I have a pandas dataframe with a lot of columns, some of which have values on weekends.
I'm now trying to remove all weekend rows, but need to add the values I remove to the respective following Monday.
Thu: 4
Fri: 5
Sat: 2
Sun: 1
Mon: 4
Tue: 3
needs to become
Thu: 4
Fri: 5
Mon: 7
Tue: 3
I have figured out how to slice only the weekdays (using df.index.dayofweek), but can't think of a clever way to aggregate before doing so.

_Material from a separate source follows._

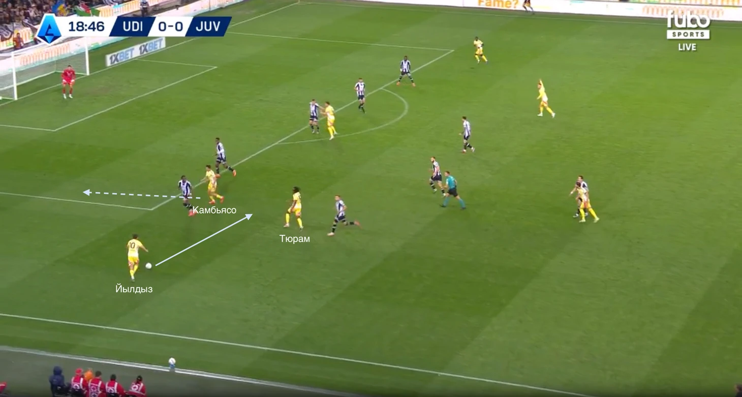 Здесь вклад Андреа не заканчивается. Своим движением он создает два варианта для Йылдыза: отдать на него в полуфланг штрафной площади, но центральный защитник «Удинезе» уже будет на спине висеть, или отдать в центр на Тюрама, который находится лицом к воротам и ближе к створу, что звучит более рационально.

Here's some dummy code to start:
index = pd.date_range(datetime.datetime.now().date() -
datetime.timedelta(20),
periods = 20,
freq = 'D')
df = pd.DataFrame({
'Val_1': np.random.rand(20),
'Val_2': np.random.rand(20),
'Val_3': np.random.rand(20)
},
index = index)
df['Weekday'] = df.index.dayofweek
Any help on this would be much appreciated!
Setup
I included a random seed
np.random.seed([3, 1415])
index = pd.date_range(datetime.datetime.now().date() -
datetime.timedelta(20),
periods = 20,
freq = 'D')
df = pd.DataFrame({
'Val_1': np.random.rand(20),
'Val_2': np.random.rand(20),
'Val_3': np.random.rand(20)
},
index = index)
df['day_name'] = df.index.day_name()
df.head(6)
Val_1 Val_2 Val_3 day_name
2018-07-18 0.444939 0.278735 0.651676 Wednesday
2018-07-19 0.407554 0.609862 0.136097 Thursday
2018-07-20 0.460148 0.085823 0.544838 Friday
2018-07-21 0.465239 0.836997 0.035073 Saturday
2018-07-22 0.462691 0.739635 0.275079 Sunday
2018-07-23 0.016545 0.866059 0.706685 Monday
Solution
I fill in a series of dates with the subsequent Monday for Saturdays and Sundays. That gets used in a group by operation.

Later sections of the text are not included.